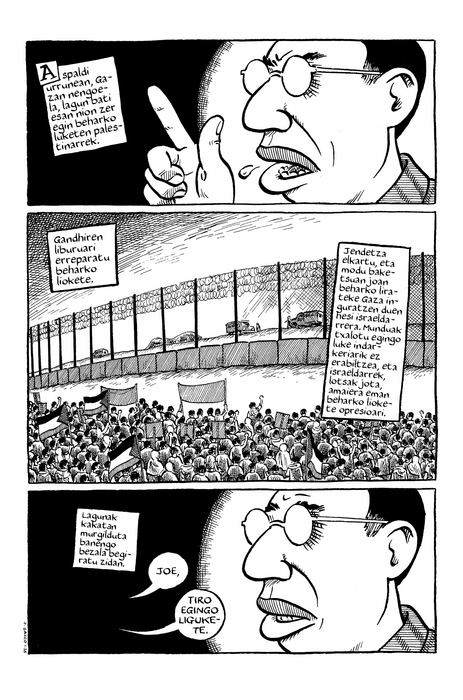 Gerra Gazan 32 orrialdeko garrasia da, gerraren indarkeriari buruzko komiki latza, demokraziaren hauskortasunaz diharduen obra. Kaosaren aurrean ezertarako ahalmenik ez duen gizon batek, Joe Saccok, paparretik heldu eta irakurketan murgiltzeko gogoa piztuko digu.
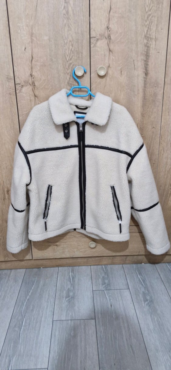 Yumuşak ve sıcak kumaşlı, kürklü detaylı, notched lapel yakalı kadın ceket. Uzun kollu, regular fit ve fermuarlı. Beyaz ve gri renklerde, rahat sokak stili için uygun. Eşime hediye aldım beğenmedi 1 kere gönlüm olsun diye denedi ama kullanılmadı.
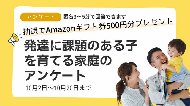 回答は選択式中心で3~5分。今回は特に、これまで声が届きにくかった父親の視点も集めたいと考えています。家庭内の双方の声がそろい、協力体制や子どもの発達を後押しするヒントがより豊かに集まると考えるため、パパママ誘いあってそれぞれ回答いただけると幸いです。
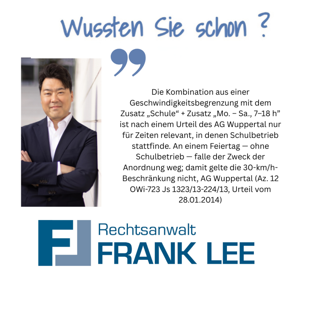 Die Kombination aus einer Geschwindigkeitsbegrenzung mit dem Zusatz „Schule“ + Zusatz „Mo. – Sa., 7–18 h” ist nach einem Urteil des AG Wuppertal nur für Zeiten relevant, in denen Schulbetrieb stattfinde. An einem Feiertag — ohne Schulbetrieb — falle der Zweck der Anordnung weg; damit gelte die 30-km/h-Beschränkung nicht, AG Wuppertal (Az. 12 OWi-723 Js 1323/13-224/13, Urteil vom 28.01.2014)
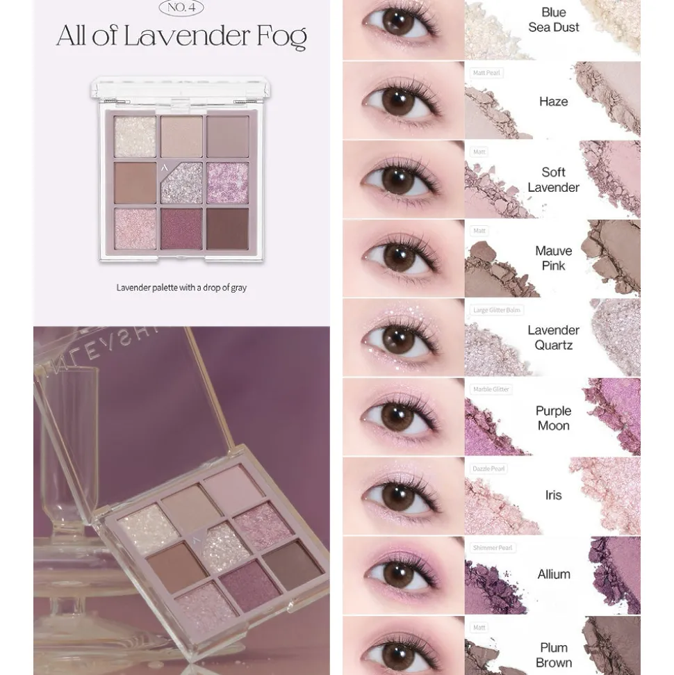 | Color | N°1 All of Glitter, N°2 All of Brown, N°3 All of Coralpink, N°4 All of Lavender Fog, N°5 All of Dusty Rose, N°6 All of Citrus, N°7 All of Peach Ade |
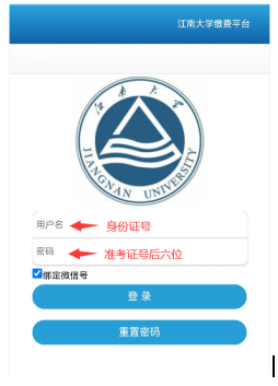 用户名为身份证号,初始密码为准考证上的考生编号后6位(请考生下载准考证查看,准考证打印系统网址:http://yzgmis.jiangnan.edu.cn/zsgl/bswb/login.aspx)。
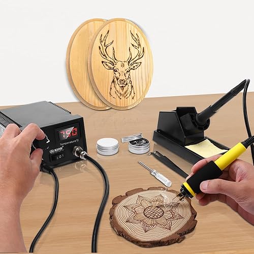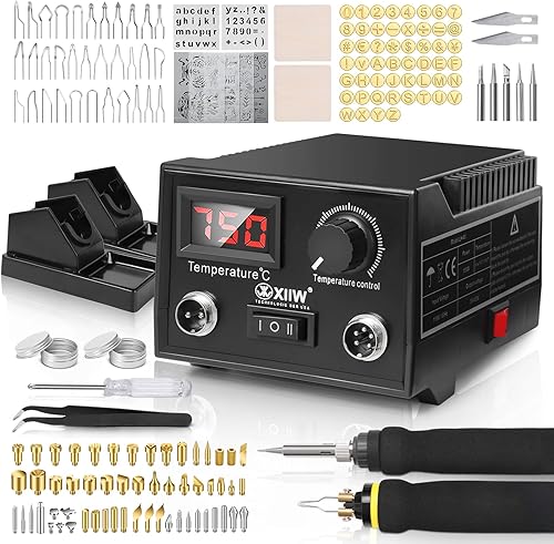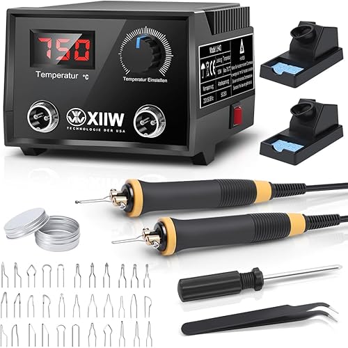 Brandmalerei 100W mit 23-teilig Spitz und zwei Stiften, Holzbrenner Brennkolben Set, Temperatur Einstellbar 0-750°C, Brandmalstation Brandmalkolben Brandmalgeräte für Holz, Leder und Kork
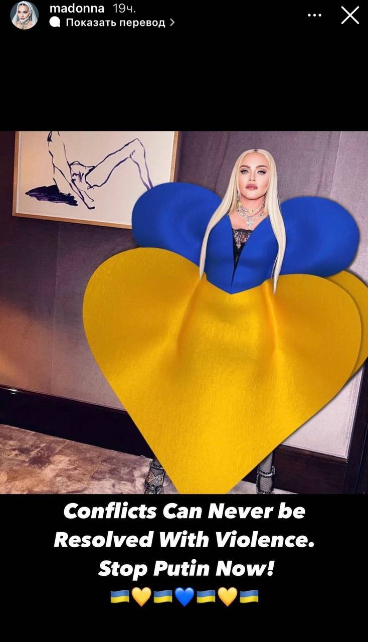 Конфликты никогда не разрешаются насилием. Остановите Путина сейчас! – обратилась к фолловерам Мадонна.
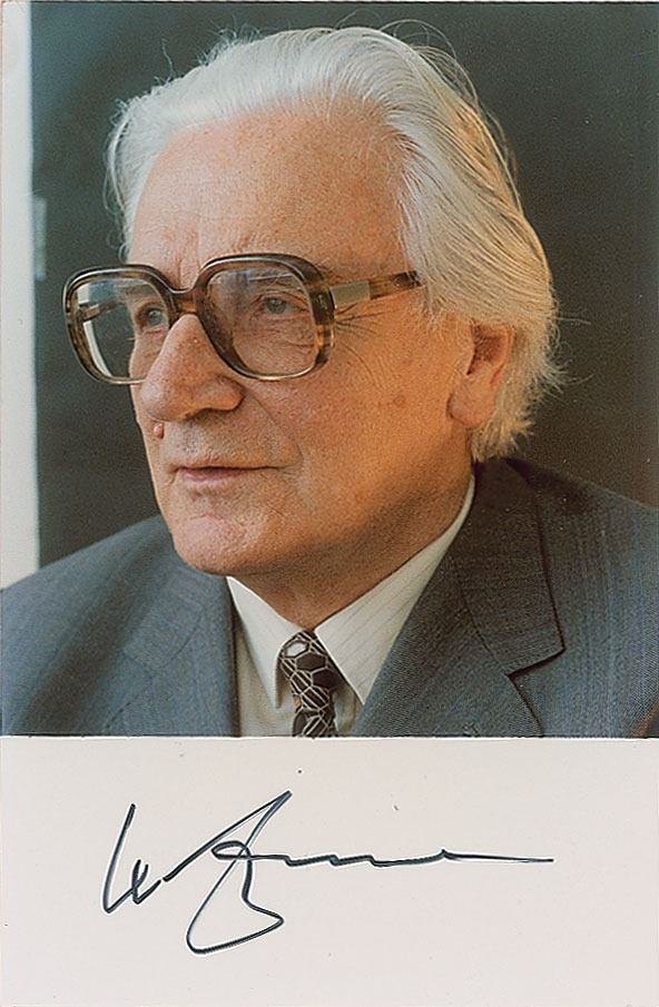 German civil engineer, inventor and computer pioneer (1910–1995) whose Turing-complete Z3 is considered the world's first programmable computer. Color satin-finish 3.5 x 5.25 photo of Zuse in a suit and tie, signed in the lower border in black felt tip. In fine condition, with a light diagonal surface scuff.
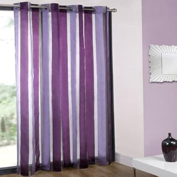 Amazing Voile Net Curtains Ready Made Striped Purple Grey Ebay
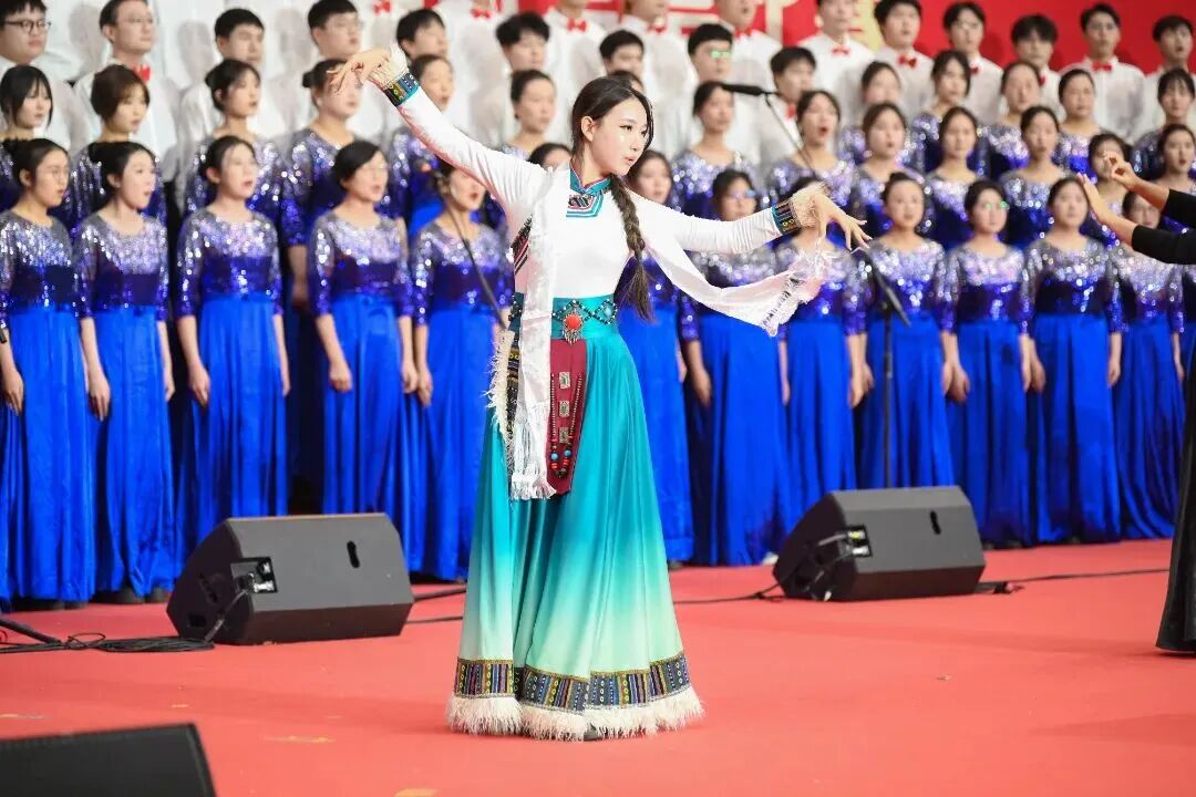 比赛前夕,全体成员调整状态,努力缓解紧张情绪。当盛大舞台的灯光亮起,当动人歌声的旋律响起,同学们以最好的状态纵情歌唱,师生协力同心,默契无间。演出结束,美好而精彩的歌声止息,迎来的,是持久而热烈的掌声。
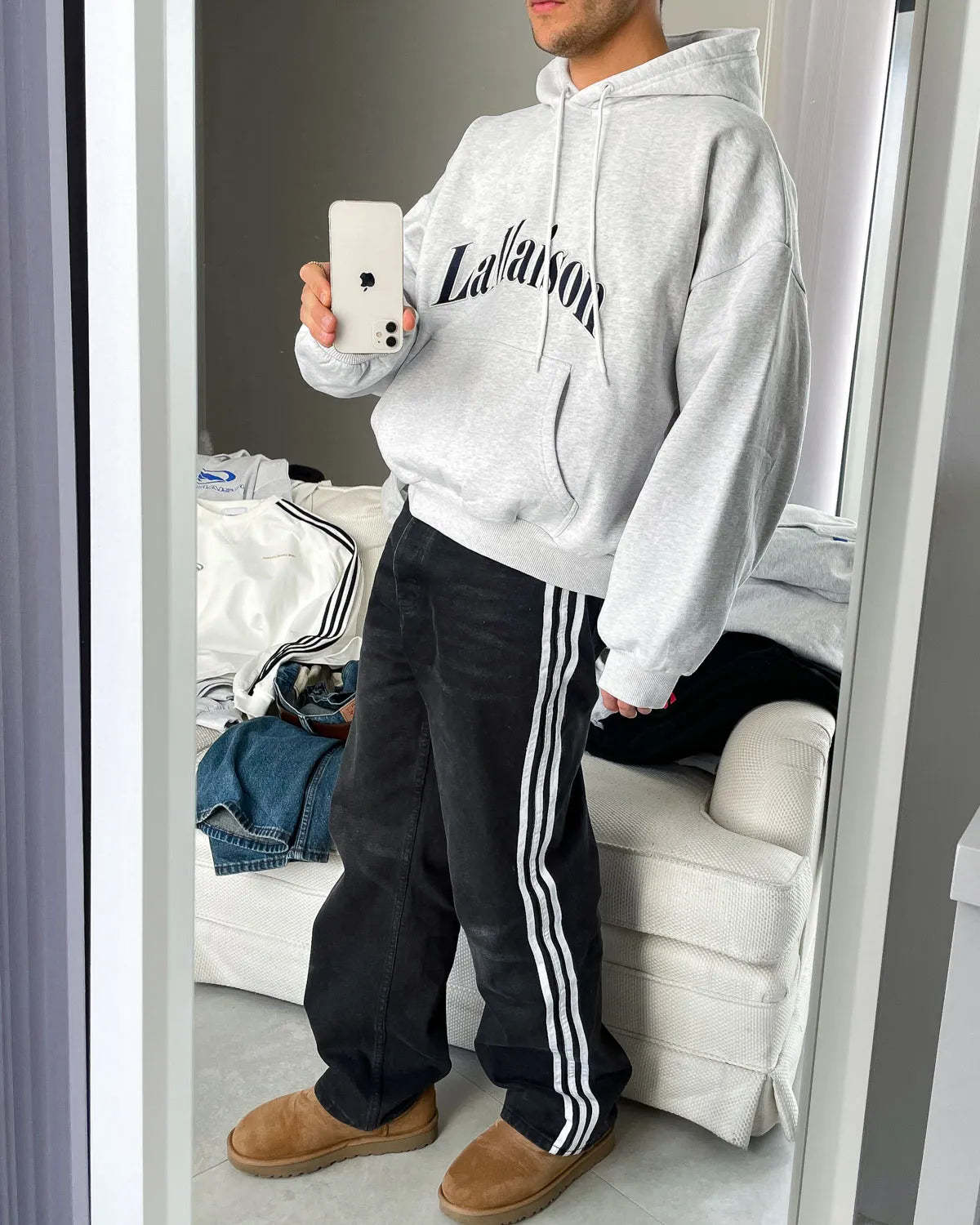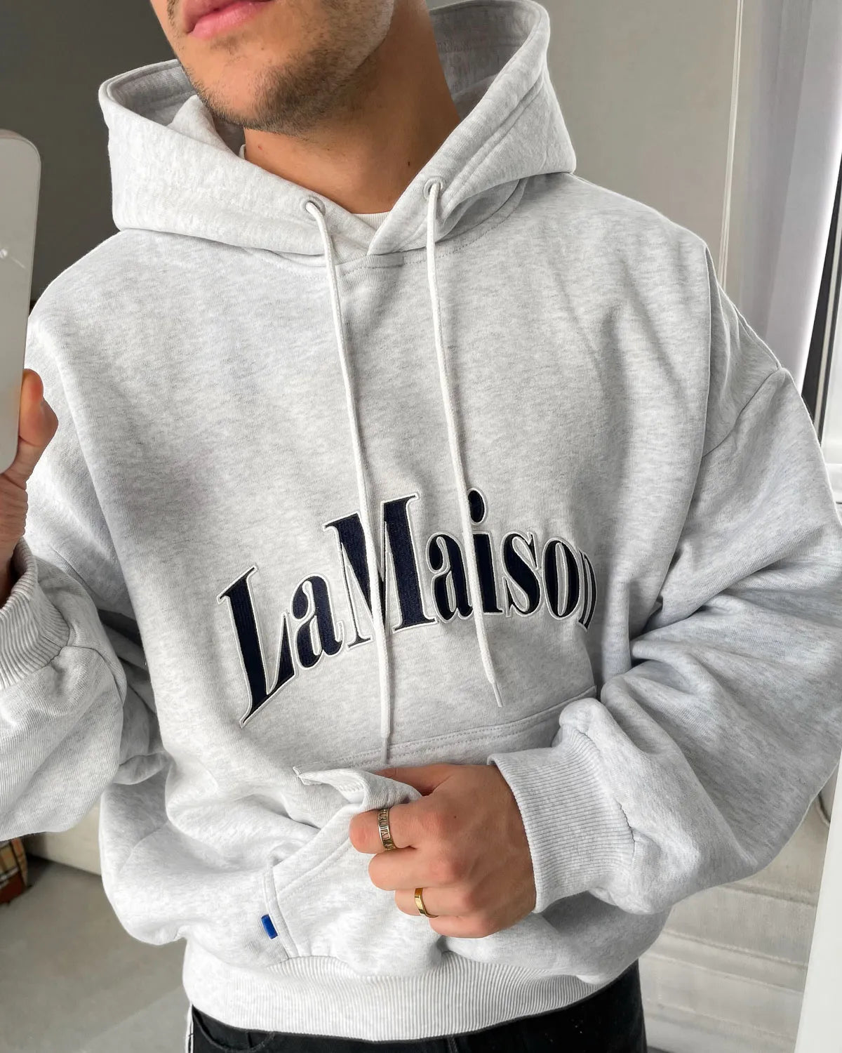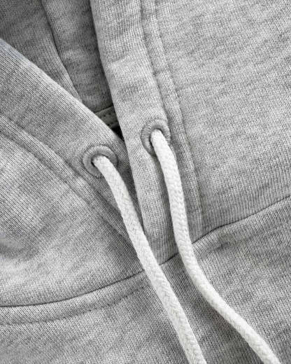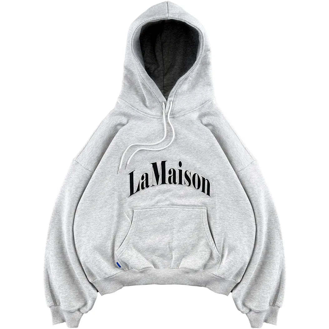 Ash grey hoodie 'LAMAISON' Dark navy blue 3D embroidery. Long cylindrical drawstrings. ©Host corporate color pocket label.
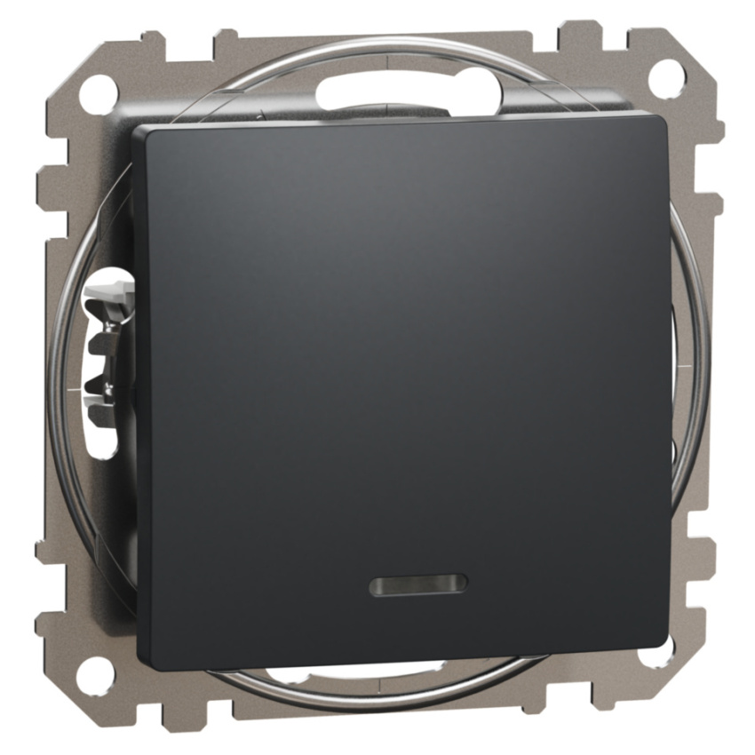 Tlačítko ř.1/0 s modrou orientační kontrolkou, v barvě antracit. 10 A - 250 V ∿

━━━

PROBLEM REQUIREMENTS: Which lines run from the one that holds "回答は選択式中心で3~5分。" to the final line of the records above? Return them exactly, and skip the pictures.

RESULT OF THE TASK:
 回答は選択式中心で3~5分。今回は特に、これまで声が届きにくかった父親の視点も集めたいと考えています。家庭内の双方の声がそろい、協力体制や子どもの発達を後押しするヒントがより豊かに集まると考えるため、パパママ誘いあってそれぞれ回答いただけると幸いです。
 Die Kombination aus einer Geschwindigkeitsbegrenzung mit dem Zusatz „Schule“ + Zusatz „Mo. – Sa., 7–18 h” ist nach einem Urteil des AG Wuppertal nur für Zeiten relevant, in denen Schulbetrieb stattfinde. An einem Feiertag — ohne Schulbetrieb — falle der Zweck der Anordnung weg; damit gelte die 30-km/h-Beschränkung nicht, AG Wuppertal (Az. 12 OWi-723 Js 1323/13-224/13, Urteil vom 28.01.2014)
 | Color | N°1 All of Glitter, N°2 All of Brown, N°3 All of Coralpink, N°4 All of Lavender Fog, N°5 All of Dusty Rose, N°6 All of Citrus, N°7 All of Peach Ade |
 用户名为身份证号,初始密码为准考证上的考生编号后6位(请考生下载准考证查看,准考证打印系统网址:http://yzgmis.jiangnan.edu.cn/zsgl/bswb/login.aspx)。
 Brandmalerei 100W mit 23-teilig Spitz und zwei Stiften, Holzbrenner Brennkolben Set, Temperatur Einstellbar 0-750°C, Brandmalstation Brandmalkolben Brandmalgeräte für Holz, Leder und Kork
 Конфликты никогда не разрешаются насилием. Остановите Путина сейчас! – обратилась к фолловерам Мадонна.
 German civil engineer, inventor and computer pioneer (1910–1995) whose Turing-complete Z3 is considered the world's first programmable computer. Color satin-finish 3.5 x 5.25 photo of Zuse in a suit and tie, signed in the lower border in black felt tip. In fine condition, with a light diagonal surface scuff.
 Amazing Voile Net Curtains Ready Made Striped Purple Grey Ebay
 比赛前夕,全体成员调整状态,努力缓解紧张情绪。当盛大舞台的灯光亮起,当动人歌声的旋律响起,同学们以最好的状态纵情歌唱,师生协力同心,默契无间。演出结束,美好而精彩的歌声止息,迎来的,是持久而热烈的掌声。
 Ash grey hoodie 'LAMAISON' Dark navy blue 3D embroidery. Long cylindrical drawstrings. ©Host corporate color pocket label.
 Tlačítko ř.1/0 s modrou orientační kontrolkou, v barvě antracit. 10 A - 250 V ∿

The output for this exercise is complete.